1. Field of the Invention
The present invention relates to an intermediate code preprocessing apparatus which applies preprocessing to an intermediate code in order to improve execution speed of the intermediate code by, e.g., a virtual machine, an intermediate code execution apparatus which executes the intermediate code subjected to the preprocessing, an intermediate code execution system, and a computer program product used to apply the preprocessing to the intermediate code or execute the intermediate code.
2. Description of the Related Art
For the purpose of providing a program which does not depend on the platform of a computer such as hardware or OS, there has been proposed a method of constructing a virtual machine (VM) on each platform by software techniques or hardware techniques and executing an intermediate code between source code and object code on the virtual machine. As one of the program languages adopting such a method, there is Java™, which adopts a form of intermediate code called a class file. It is to be noted that the hardware and the virtual machine constructed on the hardware may be collectively referred to as an intermediate code execution system hereinafter.
According to the above-described method, since single program code can be supplied to various platforms and executed, it is no longer necessary to prepare object code which can be executed only on each platform. As a result, not only distribution of the program can be simplified, but software development can be made efficient. Therefore, virtual machines have been built on various computer platforms. Further, in recent years, construction of virtual machines on processors has also been started in various electronic devices (which will be referred to as an embedded device hereinafter) having a processor mounted therein.
Here, as the virtual machine, there is known one which is of an interpreter type which is provided on the platform in the form of software and sequentially interprets and executes bytecode instructions included in a class file. The interpreter type virtual machine requires a process of taking out bytecode instructions one by one from the class file and interpreting their contents. This process becomes the overhead in the prior art, and the excellent performance cannot be obtained.

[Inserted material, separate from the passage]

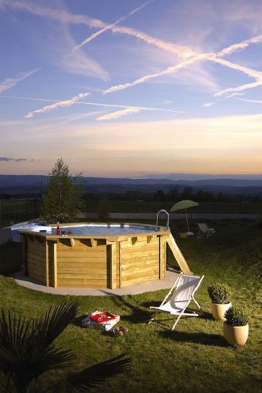 Ambiance absolument nature avec cette piscine bois hors sol de forme octogonale délicate et romantique. ©Desjoyaux
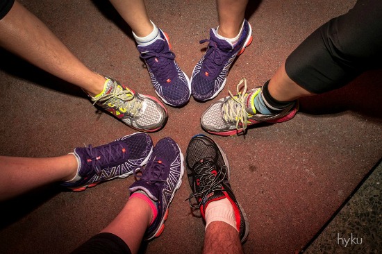 Pies unidos con zapatos New Balance a las 5:30 de la mañana

Thus, there has been proposed a JIT compiler (Just In Time Compiler) system, an AOT compiler (Ahead Of Time Compiler) or the like which compiles the class file into native code inherent to each type of hardware and then executes it for the purpose of improving performance. Furthermore, there has been attempted construction of a virtual machine in the form of hardware like a Java™ chip which is specially designed to enable direct execution of bytecode instructions.
In the compiler system such as JIT or AOT mentioned above, since the native code of the processor is executed, it is superior to the interpreter system when taking notice only of speed of instruction execution. The compiler system, however, requires a work area for the compile operation itself or an area for storing the native code, which is four to ten times the size of the class file, and hence a larger quantity of memory is disadvantageously required than in the interpreter system. Such a problem is prominent in an embedded device in which restriction in hardware resources is greater than that in a regular computer in particular. Moreover, when starting compile after directing execution of the class file, the compilation operation becomes the overhead, and sufficient performance may not be obtained.
In addition, according to the Java™ chip mentioned above, although the class file can be executed with high performance without performing compilation, a large development cost is required in development of such a dedicated chip, and an increase in the cost of the chip itself is inescapable. Additionally, in view of the fact that version upgrade or bug fixing is appropriately performed in the language specification according to advancement in technology or needs in the market, there is an aspect that constructing the virtual machine in the form of hardware is not necessarily preferable. In particular, in the virtual machine in the embedded device, adoption of a Java™ chip is not realistic because of the combination of strong demands for reduction in cost and version updating of the specification in a short cycle.
As described above, it is hard to apply the virtual machine such as the compiler system or the Java™ chip in an embedded device or the like. Therefore, a technique which improves the performance during execution of the intermediate code has been demanded on the assumption of application in an embedded device.